The Government has sent out confusing and mixed messages about the uptake of electric vehicles in the corporate sector.
In the same week, the Coalition has backed – both verbally and financially – a project to encourage the use of EVs among businesses, and simultaneously washed its hands of responsibility for standardising charging points and establishing vital targets for getting EVs on the road.
Speaking at the Energy Saving Trust’s Plugged-In Fleets Initiative (PIFI) debrief at London’s City Hall late last month, parliamentary under secretary of state for transport, Norman Baker, said: “The Coalition and the Department for Transport have agreed to provide nearly £300,000 of additional funding to continue the [PIFI] programme for another year.”
The decision follows the results of the EST’s first PIFI, which comprised an in-depth study of 20 different fleets – including Boots, the London Fire Brigade and local authorities – to establish the suitability of plug-in vehicles for business use. The report found “real opportunities for fleets to adopt plug-in vehicles now and reap the cost and non-cost benefits”.
Baker continued: “The fleet industry is the arrowhead for a low-carbon future in transport.
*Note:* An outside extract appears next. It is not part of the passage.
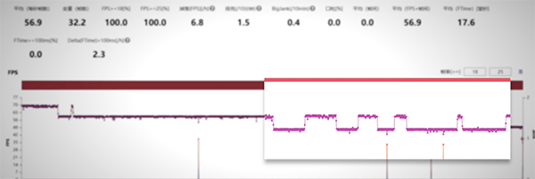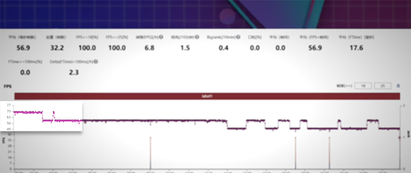 第二局也是如此,但由于這把陷入了膠著,足足打了我25分鐘,而且這局開局就是70幀,然后隨著時(shí)間的延長手機(jī)開始出現(xiàn)發(fā)熱情況,可以看到幀率會(huì)有規(guī)律的50到60幀之間徘徊,最終整局的平均幀率只有56.9。

The decisions you make are critical and influence the rest of the market.
“We are serious as a Coalition about reducing our carbon footprint and that’s why we’ve given support to electric cars. The trajectory of uptake we’re seeing now is on a par with DVDs replacing videos. But we recognise that some guidance might be needed for their integration.”
Despite this positive action, two days earlier on 21 January, the Government published a response to the Transport Committee’s ‘Plug-in Vehicles, Plugged in Policy?’ report from autumn 2012, which made a series of informed suggestions as to how the Government could foster the growth of electric vehicles in the UK.
The Transport Committee highlighted the widely held belief that the UK requires a standardised charging infrastructure for EVs to flourish.
The Government shirked responsibility for this, claiming it was down to markets and the EU: “Markets, rather than national governments, will drive the adoption standards.
“There is clearly a role for the EU in helping to ensure that anyone who drives an ultra low-emissions vehicle is able to do so in a simple and consistent way.”
The report also challenged the Government to set milestones for the amount of plug-in vehicles on the roads before its next spending review, in order to make a proper assessment of future EV policies.
It once again dodged responsibility: “The Government does not agree that rigid targets for the uptake of ultra low-emissions vehicles would be helpful.”
It cited unknown “market penetration” and continued to evade the still-looming issue of a rise in company car taxation for EVs in 2015.